Sure. You can feel free to correct me. Through May 1, we lost about $115 million in revenues, so 2025 revenues as a result of contract terminations or stop work orders that then led to terminations. That is about 50%, a little over 50% of that was represented by our work for USAID doing international health-type work. It is too soon to say that the risk is completely behind us. Again, the crystal ball would be useful. We have seen a slowdown in that kind of activity. That obviously is something that we were looking for. We wanted to see sort of when it would start to level out. At the same time, we have seen a pickup in some funding modifications. I am sure for people on the phone, it is hard to imagine this, but basically, you are trying to feel the vibrations, right?
You're trying to understand, okay, this wave has come through. Now, how should we expect that the government is going to move forward? And each of these agencies, obviously, in some agencies, they have not even put the agency heads have not been put in place. For instance, in Department of Transportation and in some of the others, you have individual modal agencies that still haven't approved their administrators. You can imagine that each agency is on its own temporal path, and we're trying to track each of them individually. With that said, we are seeing contract modifications, and we're seeing some re-compete procurements come back to the fore that had been stalled or where we hadn't heard much, and all of a sudden, they've come back in.
We can sort of see them back on a procurement forecast. We are not yet seeing a lot of net new opportunities. I think that, again, goes back to these agencies still trying to sort of reshape what is it that the administrator and the new leadership is really looking for and how does that match up with their procurement plans. We are waiting and watching for that. We have had direct meetings with clients and/or with DOGE employees, particularly in the technology area and specifically on some projects where we've had to demonstrate our ability to do the work, whether it's some sort of technology project. We've passed the requisite reviews for that, which has been great. Those meetings with the politicals, the DOGE, and the program staff, it's critical. Those all three are important right now.

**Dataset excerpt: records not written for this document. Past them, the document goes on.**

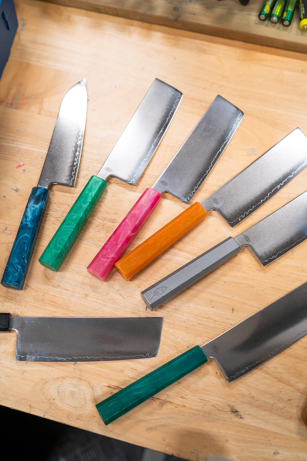 Håndtaket er laget av norsk gjenbruksplast fra mat- og næringsmiddelindustrien. Plasten gir et mykt og levende fargespill, med naturlige variasjoner som gjør hver kniv unik.
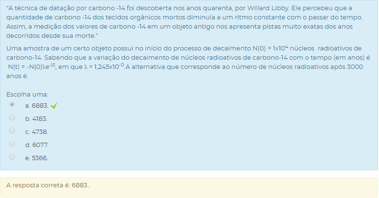Uma amostra de um certo objeto possui no início do processo de decaimento N(0) = 1x104 núcleos radioativos de carbono-14. Sabendo que a variação do decaimento de núcleos radioativos de carbono-14 com o tempo (em anos) é N(t) = -N(0)λe-λt, em que λ = 1,245x10-0.A alternativa que corresponde ao número de núcleos radioativos após 3000 anos é:
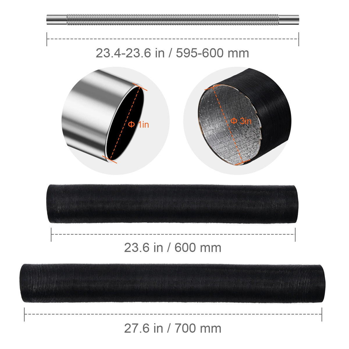 Enhance your diesel heater setup with the Diesel Heater Ducting Set, a versatile, extendable ducting kit designed for fast, safe, and efficient warm air delivery. The 3-inch outlet duct and rust-resistant exhaust pipe are built for durability, with a light-proof black exterior and high-temperature aluminum interior that withstands heat and tough environments. Extendable from 23.6 to 27.6 inches to fit a wide range of models, this kit delivers reliable performance for 2KW, 5KW, and 8KW diesel heaters, helping you heat cabins, workshops, or vehicles quickly and safely. Includes everything you need for a secure installation: exhaust pipe, outlet ducts, clamps, vent connectors, and a tee connector.
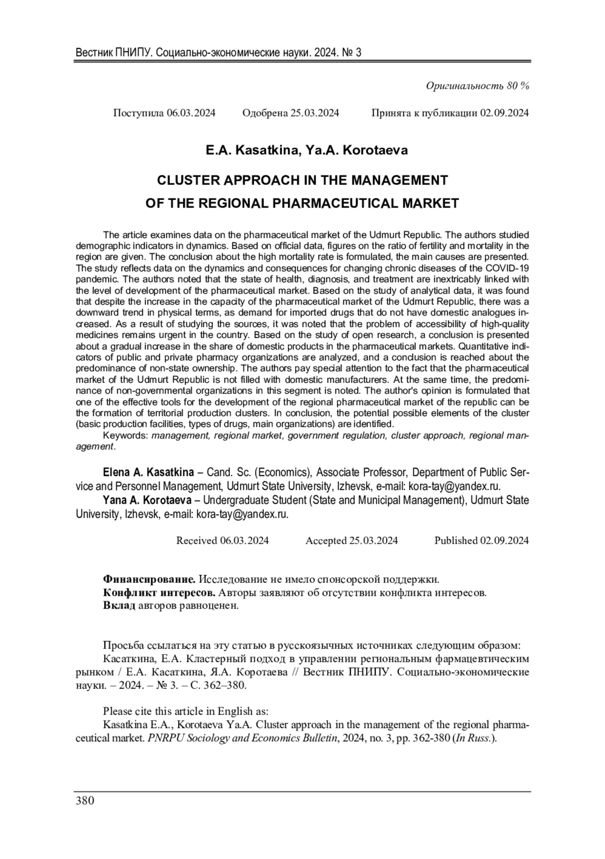 1. 	Пискунова, Л.П. Современные тенденции развития фармацевтического рынка: Россия и Казахстан / Л.П. Пискунова, Ю.А. Санникова // Российские регионы в фокусе перемен: сб. докл. со спец. мероприятий XII Междунар. конф. - Екатеринбург: Изд-во УМЦ УПИ, 2018. - С. 242-248.  EDN: ZDMIHR

They've included discussions of agency mission, administration priorities, and ways that we can turn our skill sets into sort of the kinds of services that they need. We have seen some task orders that were discontinued or terminated actually get turned back on. You are just trying to read the signs. Sometimes they come back on under the same agency and the same vehicle, and sometimes they might come back on under a different agency or a different vehicle. I think that is the kind of tracking that we are doing. We are seeing procurements. We have seen some continuation of new procurements. I said there are not a lot of new opportunities, but we have seen new procurements disappear and then show back up on the list for future procurements. That is also a sign that we are following.
I would say just as an add-on to that, so we really step back and think about the impact of various executive orders or actions by DOGE since January 20th. It's really focused in two areas. One is our USAID work, which Anne mentioned, as well as key program here and there. One would be, for example, Energy Star. So we've had bits and pieces of different programs that have been affected. I would say that outside of those two main customer sets, it's just been, like I said, relatively small. We have seen the activity, which was a bit of a flurry right around after the inauguration in the first couple of waves where DOGE was really involved with not just us, but a great many number of companies in our industry. Things have settled down quite a bit.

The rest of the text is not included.